> **WHAT IS EXPECTED**
Could you transcribe exactly the lines below, from the line with "กระแสความซึ้งแรงจนทำให้ The 100th" through the line with "2021年8月時点で『美プロ", and nothing else, leaving out the pictures?

> **GIVEN DATA**
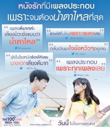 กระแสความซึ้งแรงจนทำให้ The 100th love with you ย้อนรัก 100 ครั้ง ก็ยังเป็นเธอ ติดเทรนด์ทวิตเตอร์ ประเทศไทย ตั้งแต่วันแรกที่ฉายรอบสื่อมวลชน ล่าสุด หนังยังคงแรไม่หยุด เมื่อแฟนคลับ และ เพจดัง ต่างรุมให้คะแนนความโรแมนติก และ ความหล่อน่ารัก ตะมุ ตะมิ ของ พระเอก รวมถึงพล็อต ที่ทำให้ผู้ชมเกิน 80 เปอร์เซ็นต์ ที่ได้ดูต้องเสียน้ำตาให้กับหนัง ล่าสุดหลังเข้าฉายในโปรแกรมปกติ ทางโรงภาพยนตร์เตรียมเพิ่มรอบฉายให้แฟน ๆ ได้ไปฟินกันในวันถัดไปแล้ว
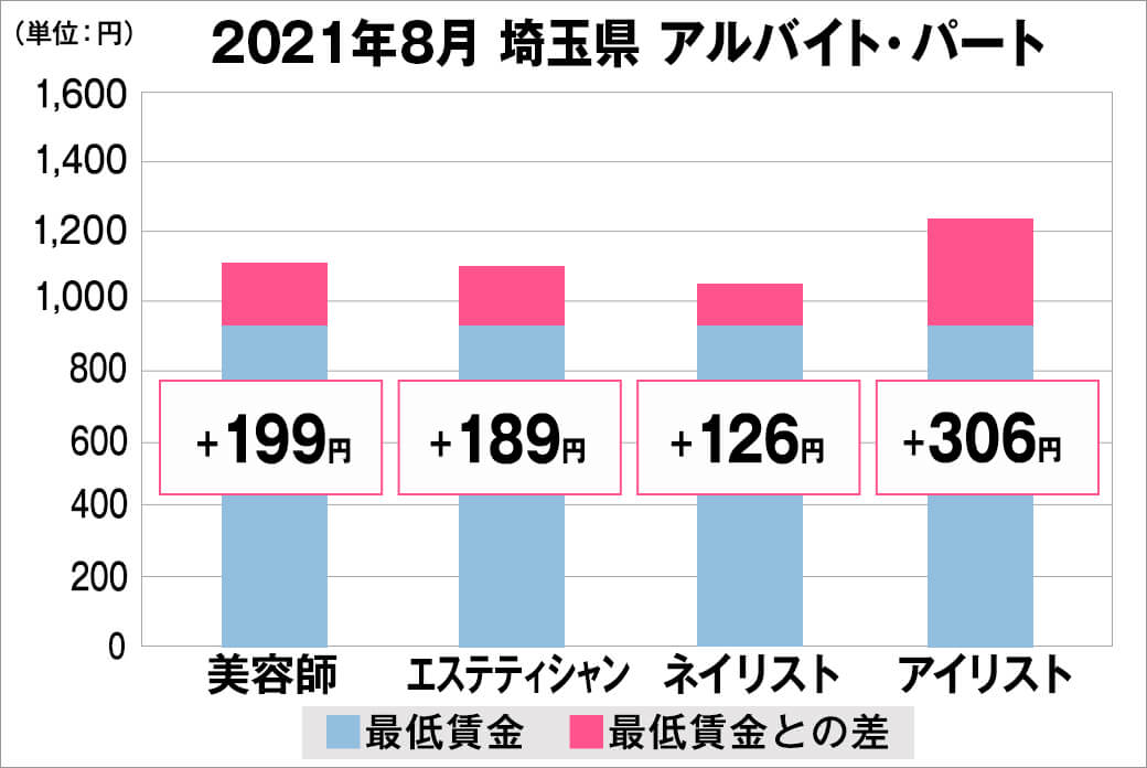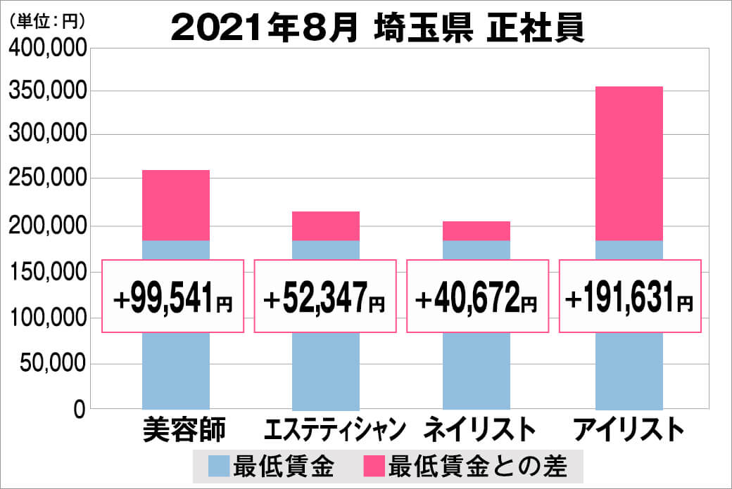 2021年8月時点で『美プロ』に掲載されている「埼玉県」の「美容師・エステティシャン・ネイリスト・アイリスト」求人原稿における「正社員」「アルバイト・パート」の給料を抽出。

--

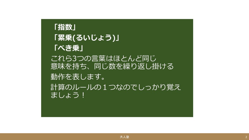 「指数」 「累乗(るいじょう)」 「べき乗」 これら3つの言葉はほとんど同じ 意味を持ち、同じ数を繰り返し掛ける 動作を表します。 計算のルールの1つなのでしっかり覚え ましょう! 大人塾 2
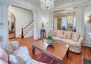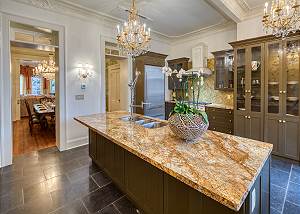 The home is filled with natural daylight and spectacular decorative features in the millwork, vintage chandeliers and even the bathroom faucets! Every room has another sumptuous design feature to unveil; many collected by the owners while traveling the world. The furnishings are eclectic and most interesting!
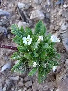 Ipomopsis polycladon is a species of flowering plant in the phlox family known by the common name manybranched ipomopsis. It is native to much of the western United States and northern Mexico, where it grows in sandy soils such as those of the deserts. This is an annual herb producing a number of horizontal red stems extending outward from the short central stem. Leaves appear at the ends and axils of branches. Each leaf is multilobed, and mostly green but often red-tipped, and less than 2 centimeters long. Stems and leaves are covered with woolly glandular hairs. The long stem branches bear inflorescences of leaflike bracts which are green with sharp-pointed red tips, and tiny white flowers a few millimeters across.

> **OUTPUT OF THE EXERCISE**
 กระแสความซึ้งแรงจนทำให้ The 100th love with you ย้อนรัก 100 ครั้ง ก็ยังเป็นเธอ ติดเทรนด์ทวิตเตอร์ ประเทศไทย ตั้งแต่วันแรกที่ฉายรอบสื่อมวลชน ล่าสุด หนังยังคงแรไม่หยุด เมื่อแฟนคลับ และ เพจดัง ต่างรุมให้คะแนนความโรแมนติก และ ความหล่อน่ารัก ตะมุ ตะมิ ของ พระเอก รวมถึงพล็อต ที่ทำให้ผู้ชมเกิน 80 เปอร์เซ็นต์ ที่ได้ดูต้องเสียน้ำตาให้กับหนัง ล่าสุดหลังเข้าฉายในโปรแกรมปกติ ทางโรงภาพยนตร์เตรียมเพิ่มรอบฉายให้แฟน ๆ ได้ไปฟินกันในวันถัดไปแล้ว
 2021年8月時点で『美プロ』に掲載されている「埼玉県」の「美容師・エステティシャン・ネイリスト・アイリスト」求人原稿における「正社員」「アルバイト・パート」の給料を抽出。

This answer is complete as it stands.